Morphological dynamics of mitochondria is associated with key cellular processes related to aging and neuronal degenerative diseases, but the lack of standard quantification of mitochondrial morphology impedes systematic investigation. This paper presents an automated system for the quantification and classification of mitochondrial morphology. We discovered six morphological subtypes of mitochondria for objective quantification of mitochondrial morphology. These six subtypes are small globules, swollen globules, straight tubules, twisted tubules, branched tubules and loops. The subtyping was derived by applying consensus clustering to a huge collection of more than 200 thousand mitochondrial images extracted from 1422 micrographs of Chinese hamster ovary (CHO) cells treated with different drugs, and was validated by evidence of functional similarity reported in the literature. Quantitative statistics of subtype compositions in cells is useful for correlating drug response and mitochondrial dynamics. Combining the quantitative results with our biochemical studies about the effects of squamocin on CHO cells reveals new roles of Caspases in the regulatory mechanisms of mitochondrial dynamics. This system is not only of value to the mitochondrial field, but also applicable to the investigation of other subcellular organelle morphology.

Author Summary

Mitochondria are “cellular power plants” that synthesize adenosine triphosphate (ATP) from degradation of nutrients, providing chemical energy for cellular activities. In addition, mitochondria are involved in a range of other cellular processes, such as signaling, cell differentiation, cell death, cell cycle and cell growth. Dysfunctional mitochondrial dynamics have been linked to several neurodegenerative diseases, and may play a role in the aging process. Previous studies on the correlation between mitochondrial morphological changes and pathological processes involve mostly manual or semi-automated classification and quantification of morphological features, which introduces biases and inconsistency, and are labor intensive. In this work we have developed an automated quantification system for mitochondrial morphology, which is able to extract and distinguish six representative morphological subtypes within cells. Using this system, we have analyzed 1422 cells and extracted more than 200 thousand individual mitochondrion, and calculated morphological statistics for each cell. From the numerical results we were able to derive new biological conclusions about mitochondrial morphological dynamics. With this new system, investigations of mitochondrial morphology can be scaled up and objectively quantified, allowing standardization of morphological distinctions and replicability between experiments. This system will facilitate future research on the relation between subcellular morphology and various physiological processes.

Introduction

Recent studies have shown that the fusion-fission dynamics of mitochondria are essential to many cellular processes, including ATP-level maintenance, redox signaling, oxidative stress generation, and cell death [1][4]. Meanwhile, it is also known that dysfunctional mitochondrial dynamics ushers the aging process and neuronal degenerative diseases [5][11]. Since mitochondrial morphology reveals physiological and pathological status, tracking mitochondrial morphological differences becomes important. Previous studies roughly classified mitochondrial morphology into various subtypes, such as, fragmented globules, tubular threads, networks, clumps or swollen granules, and usually the classification was performed by human inspection [2], [8], [9], [12], which inevitably introduces biases and inconsistency and lowers replicability of the results. Previous attempts of automatic quantification include measuring length, width, area and other primitive parameters of mitochondrial objects [13] and also skeleton length [14], but these measures are insufficient to fully distinguish the morphological diversity of mitochondria. They [13], [14] investigated only the average of these feature values within each cell, while in this paper, we present a computational approach that allows us to identify representative morphological subtypes and quantify the morphological diversity of mitochondria.
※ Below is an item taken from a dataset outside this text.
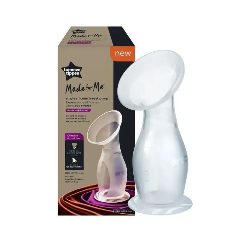 Tire-Lait Nomade en Silicone Tommee Tippee Made for Me, outil 3-en-1 en silicone pur et sans BPA, conçu pour recueillir les fuites et soulager l'engorgement grâce à une aspiration douce et mains-libres.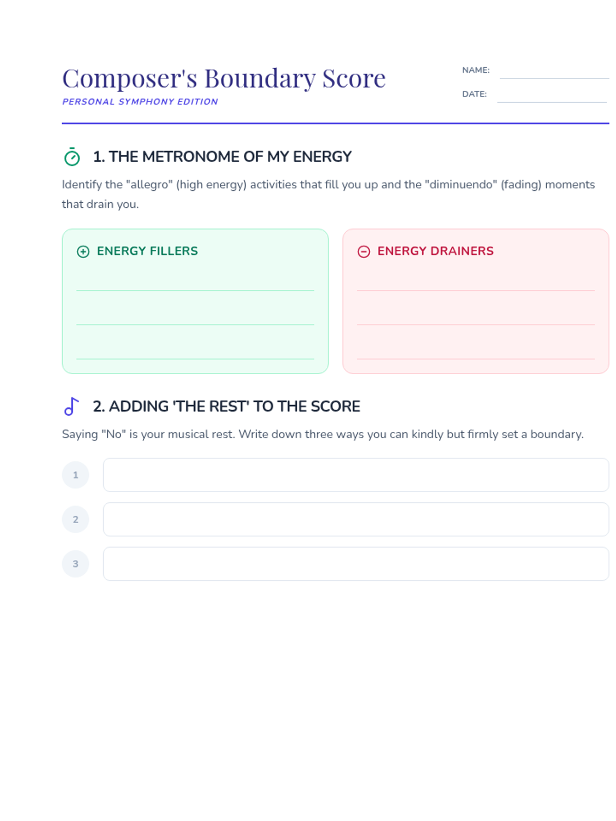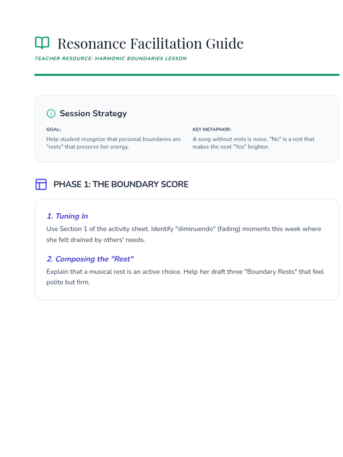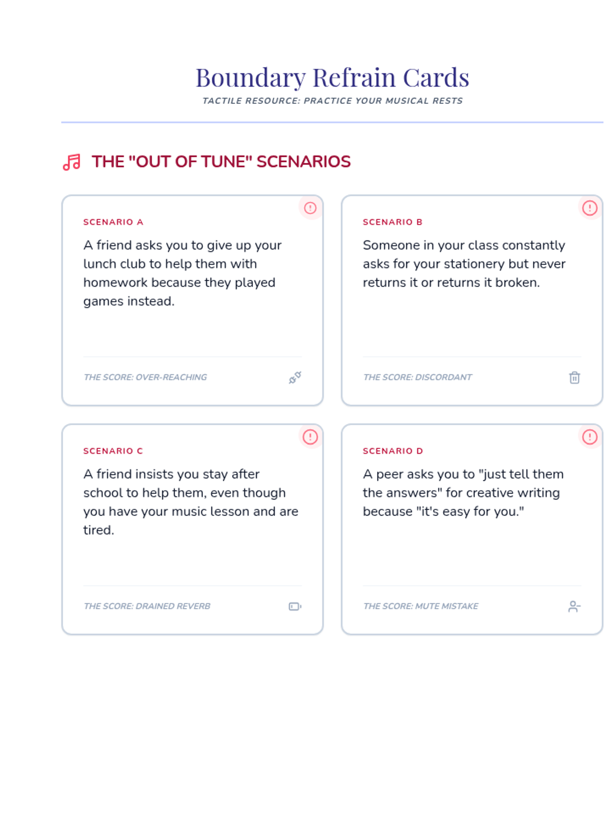 A sequence focused on helping students balance their natural kindness with healthy boundaries, using musical and creative writing metaphors to explore self-preservation and the power of 'no'.

Our approach consists of successive steps of image segmentation, consensus clustering and classifier learning designed to identify subtypes as well as construct a subtype classifier. A large set of fluorescent microscopic images of Chinese Hamster Ovary (CHO) cells were used as the sample to derive the subtypes. A subset of these CHO cells was treated with squamocin, a compound known to induce apoptosis [15][18]. Squamocin treatment results in mitochondrial fragmentation, which can then be suppressed by inhibitors of Caspases 8 and 9 (z-IETD and z-LEHD, respectively), but cells are still killed by squamocin even with the presence of these inhibitors [19]. One possible reason is that Caspase inhibitors may not have fully restored mitochondrial structures. With the developed computational approach, we were able to quantify the difference of morphological changes of mitochondria in cells under different treatments.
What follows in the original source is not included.